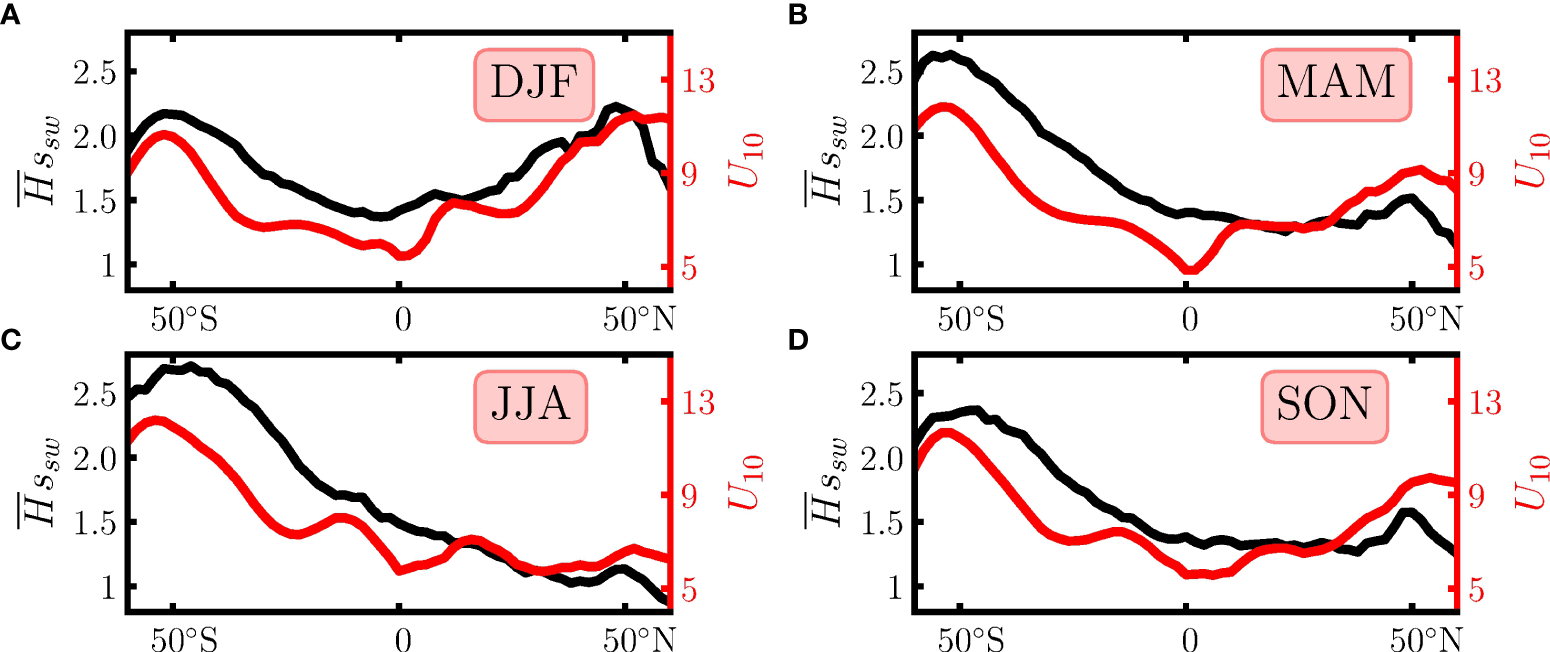 The probability-based wave decomposition procedure is performed at each geographic grid to derive and . To have a reasonable sampling size for each wind bin, we group the data into the four boreal seasons: Winter (DJF), Spring (MAM), Summer (JJA) and Autumn (SON). The derived swell is found on the range m, with a mean value around 1.8 m and a strong seasonal variation, see Figure 7. More precisely, the retrieved swell is stronger in the boreal Winter than in Summer in the Northern Hemisphere. For instance, the average around 50∘N are equal to 2.3 m and 1.2 m in DJF and JJA, respectively. This is partially due to the fact that the swell is highly positively correlated with the wind speed at high latitudes, see Figure 8, in which the black and red curves are the longitudinal averaged and U10, respectively. Similar meridional variation trends of and U10 are found, especially in high latitudes.
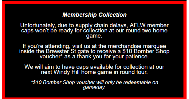 Unfortunately, due to supply chain delays, AFLW member caps wonât be ready for collection at our round two home game.
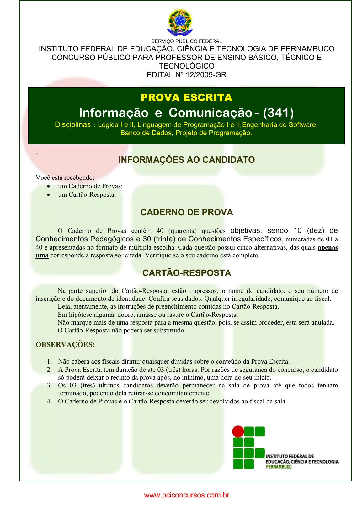 INSTITUTO FEDERAL DE EDUCAÇÃO, CIÊNCIA E TECNOLOGIA DE PERNAMBUCO

**PROBLEM DETAILS:** Pictures stay out; retype only the lines from the line containing "Unfortunately, due to" through the end of the listing, inclusive, exactly as they appear.

**SOLUTION:**
 Unfortunately, due to supply chain delays, AFLW member caps wonât be ready for collection at our round two home game.
 INSTITUTO FEDERAL DE EDUCAÇÃO, CIÊNCIA E TECNOLOGIA DE PERNAMBUCO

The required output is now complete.